COVID-19 now appears to be falling along these familiar lines. The effort to bring the coronavirus pandemic under control has really become two distinct battles. Within America’s borders, where vaccine doses are abundant, it’s a fight against misinformation and hesitancy. Globally, it is a race between vaccine delivery and virus transmission.

These two sides of the effort are dangerously interconnected. The untrammeled spread of COVID-19 through large, vulnerable populations worldwide increases the risk that new variants will emerge and then roar through pockets of undervaccinated groups in the U.S. The harm done by a now-preventable disease throughout the world is a humanitarian crisis in its own right. But we are also creating an enormous risk. Every new variant carries with it the possibility of a devastating turn in the pandemic‚ a mutation that further weakens the efficacy of the vaccines, or that causes the disease to be more severe in children and young adults.

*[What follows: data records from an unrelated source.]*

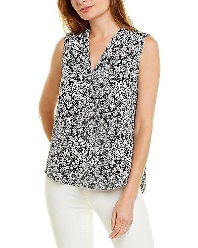 - Floral Blouse in black with V-neck and high-low hem
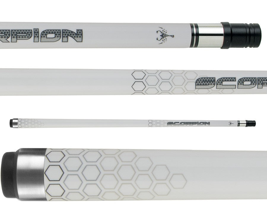 The Scorpion SCO118 two-piece pool cue is designed for playing/shotmaking and measures 58 in. in length. The 29 in. solid fiberglass shaft is designed with a pro taper and a 13 mm Water Buffalo medium tip. 1 shaft is included. This cue is weight adjustable from 18-21 oz.
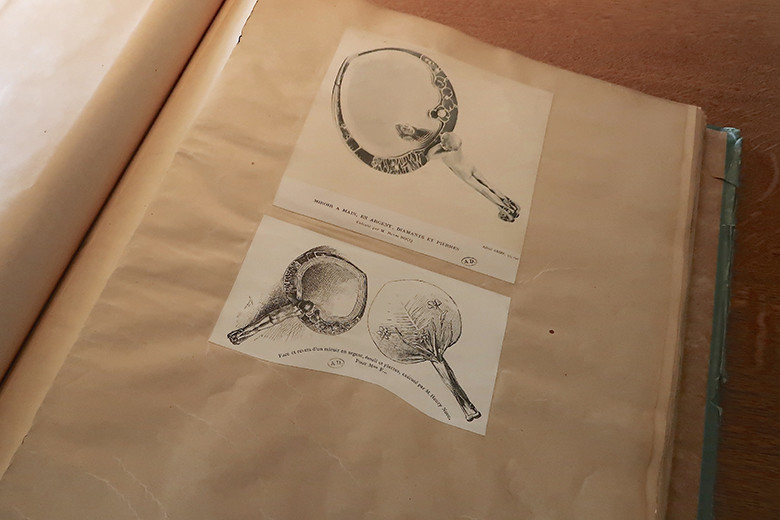 たとえば昔の手鏡のデザインは?と開いてみる。photos:Mariko Omura
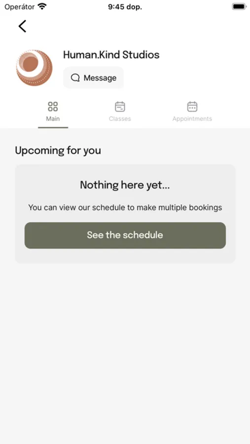 The Human.Kind Studios app makes it very easy for you to manage your Human.Kind Studios account, book into our classes and events, watch our on-demand content, and keep in touch with us. You can easily message us if you have a question or want to share something with them. You can also follow our public feed to see any announcements we make, promos we run, or content we share.
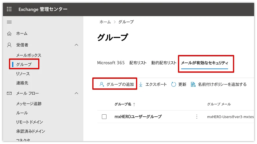 それでははじめていきます。まず、メールが有効なセキュリティグループを作成し、mxHeroのルールの適用対象とするユーザーをグループに追加します。
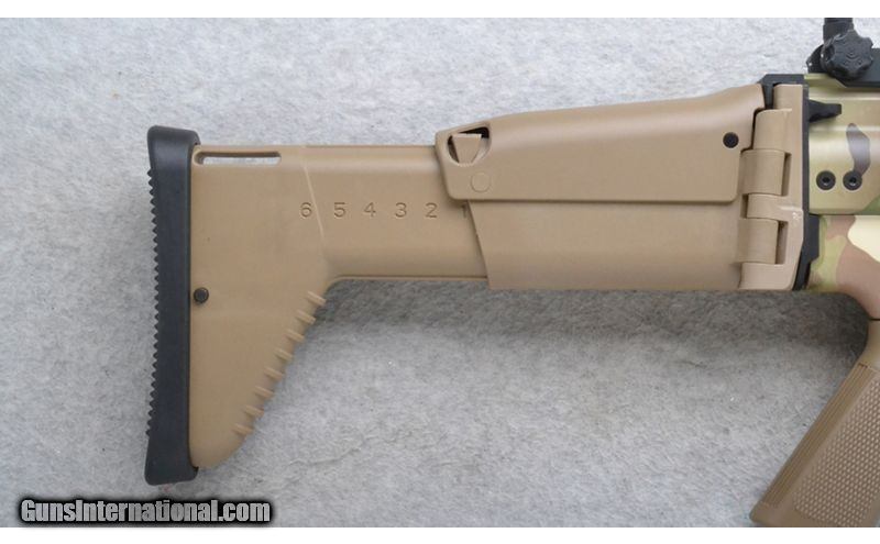Description: This FN Model Scar 16S is a semi-automatic rifle in 5.56x54mm Cal. It has a 16.25 inch cold hammer forged Mil-Spec. barrel with chrome lined bore and chamber plus a muzzle device. A 1/7 twist. It has folding adjustable front and rear sights. The butt stock is right hinged folding, 6 position LOP adjustable and has an rising comb. It has accessory rails on all four sides. It has a Multicam pattern. 5.56x45mm NATO SOLD Chambers: 30 round Magazine. Metal Condition: Excellent. Bore Condition: Excellent. Barrels: 16.25 inch free floating cold hammer forged Mil-Spec. barrel with chrome lined bore and chamber plus a muzzle device. 1/7 twist. Stock Dimensions: Folding and adjustable. Adjustable comb. Fore End: Metal alloy with four side accessory rails. Side vented. Butt Pad: Textured black rubber. Weight: 7 Lb. 6 Oz. Sights: Folding adjustable front and rear. Item Location: Richfield, WI |
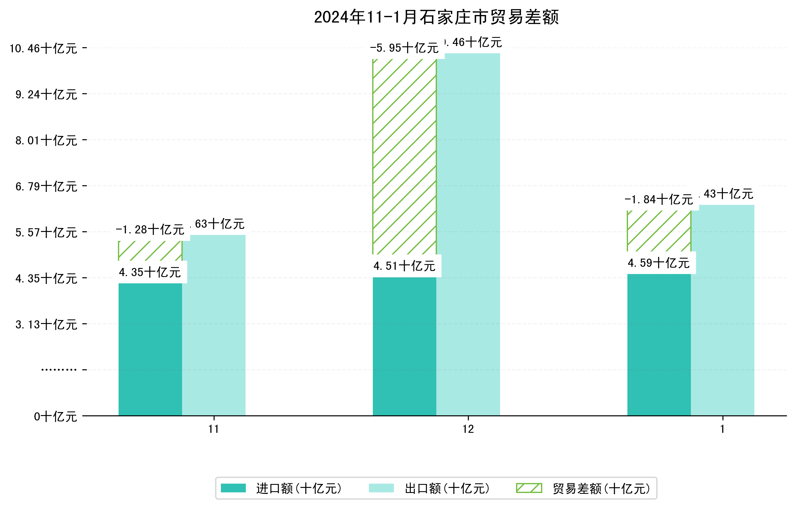 2024年1月石家庄市进出口总额及进出口差额统计分析
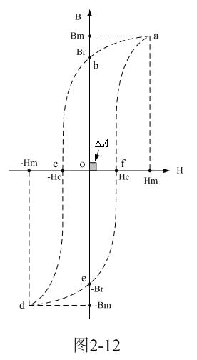 由(2-24)式很容易看出,虛線a-b-c-d-e-f-a圈起來的面積所對應的就是磁滯損耗的能量;即:磁滯損耗能量的大小與磁滯回線的面積成正比。
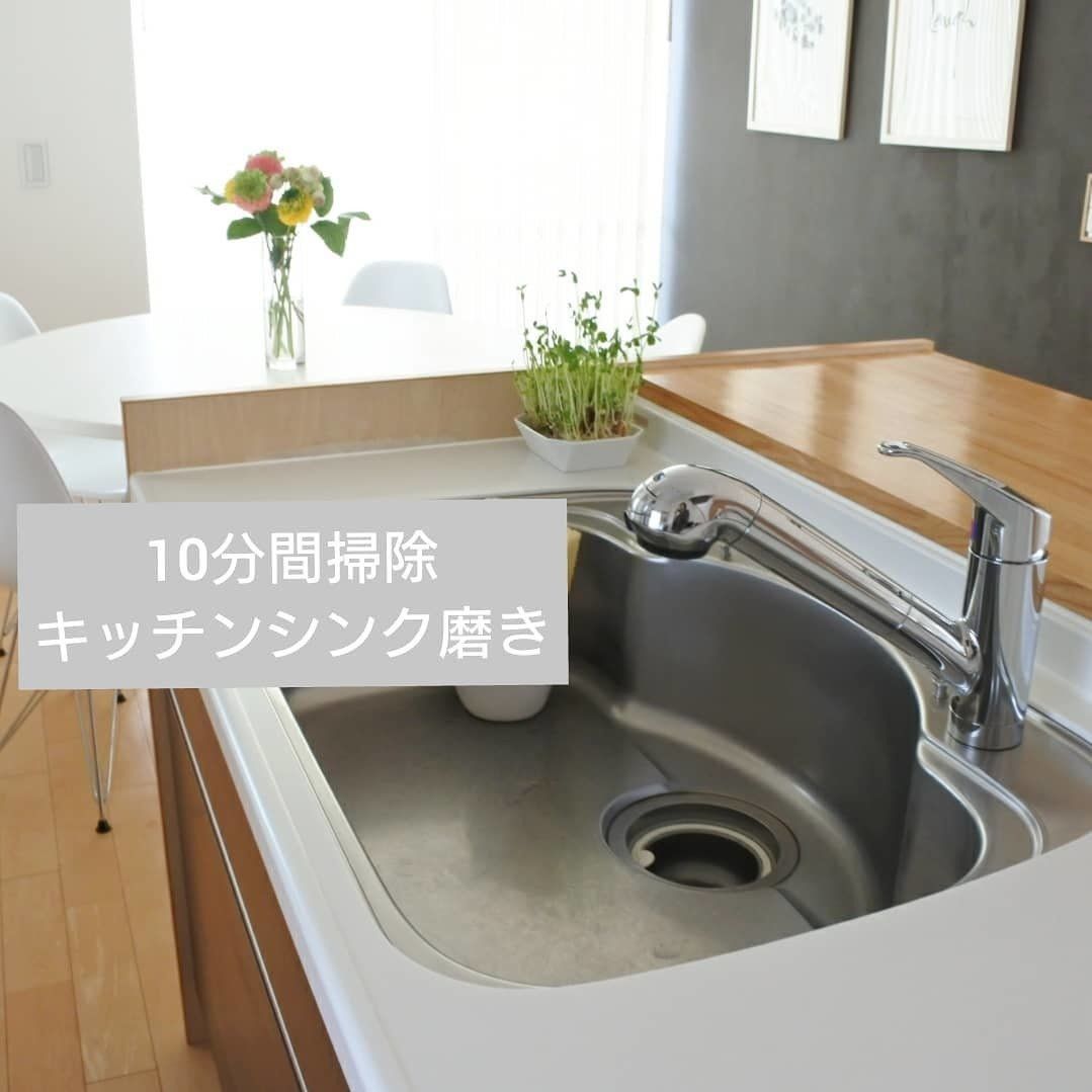 皿洗いをしたあと、いつもはサッと洗うだけのシンクも10分間使って念入りに。水垢処理や排水溝の隅々までキレイにすることで、ピカピカのシンクに!気持ちも晴れそうです。

It is tempting to push such fears aside and to insist that we “learn to live with” the virus. But adapting to a world where COVID-19 is endemic should not mean complacency about the global inequities that are already stark and only getting starker. In the words of the International Monetary Fund, “The world is facing a worsening two-track recovery, driven by dramatic differences in vaccine availability, infection rates, and the ability to provide policy support.” As these gaps widen, success in managing the pandemic is starting to correlate more clearly (if still imperfectly) with national income. In the United States, more than 60 percent of the adult population is fully vaccinated. In Indonesia, that number is only 11 percent. In India, it’s 9 percent. In countries such as Vietnam, Tanzania, and Nigeria (as well as many others), it is still below 2 percent. This two-track recovery, where protection against the disease mirrors wealth and power, unfortunately reflects a historical pattern that is several centuries old. The world’s only hope lies in breaking it.

The pattern began in earnest with the start of the Industrial Revolution. Social elites were able to take advantage of new ideas and new technologies, while the working classes were crowded into factories and tenements. This widening of health disparities within societies is familiar enough. Inequities between societies are less appreciated, even though plagues and pandemics played a decisive role in the massive and enduring global gaps that formed in the century before World War I.

The emergence of new infectious diseases is an externality of modernization. Explosive population growth, rapid urbanization, mechanized transportation, the exploitation of natural ecosystems, industrial agriculture, and ever-more-global networks of trade and migration all intensified the threat of infectious diseases. Outbreaks of cholera, influenza, polio, and AIDS are only the most notable precursors of the current crisis.